## Provided material
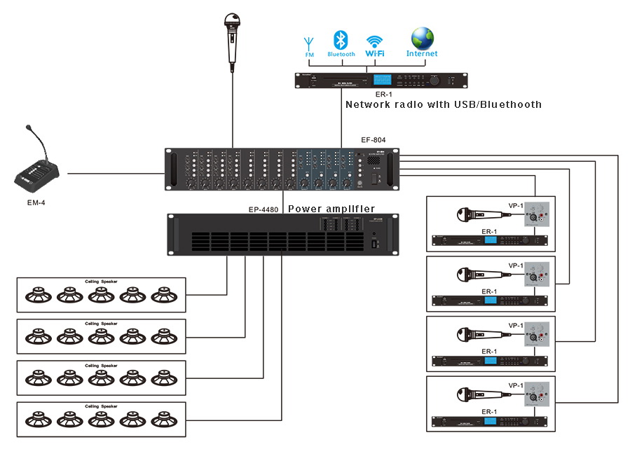 ◆ 4 XLR Balanced jack and 1/4” phone jack for CH1-4 input
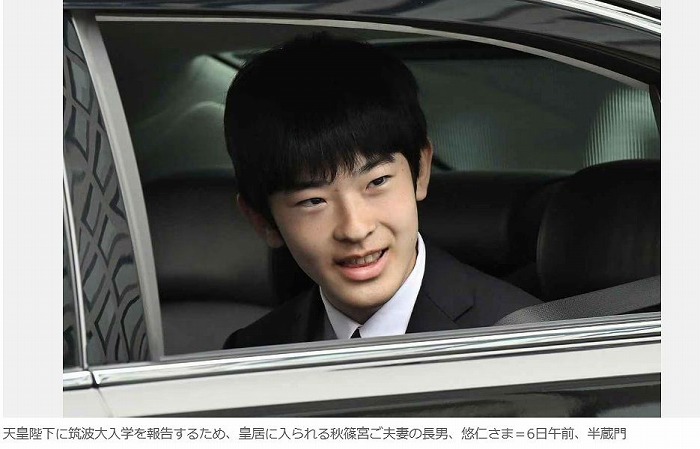 昨日4月6日の午前中、悠仁さまが徳仁天皇に大学入学に挨拶するため、御所を訪問されました。
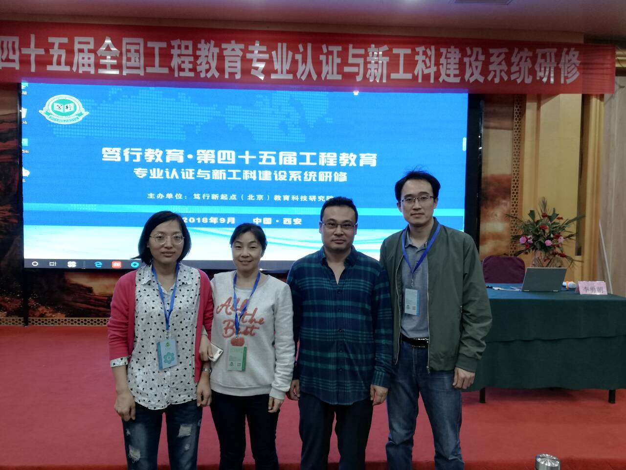 2018年9月20-21日,纺织科学与工程学院刘呈坤副院长、赵勇进、王蕊宁、盛翠红4名教师参加了“笃行教育•第四十五届全国工程教育专业认证与新工科建设系统研修班”。

## About this task
Print the material precisely as given, dropping any images it holds.

## Expected answer
 ◆ 4 XLR Balanced jack and 1/4” phone jack for CH1-4 input
 昨日4月6日の午前中、悠仁さまが徳仁天皇に大学入学に挨拶するため、御所を訪問されました。
 2018年9月20-21日,纺织科学与工程学院刘呈坤副院长、赵勇进、王蕊宁、盛翠红4名教师参加了“笃行教育•第四十五届全国工程教育专业认证与新工科建设系统研修班”。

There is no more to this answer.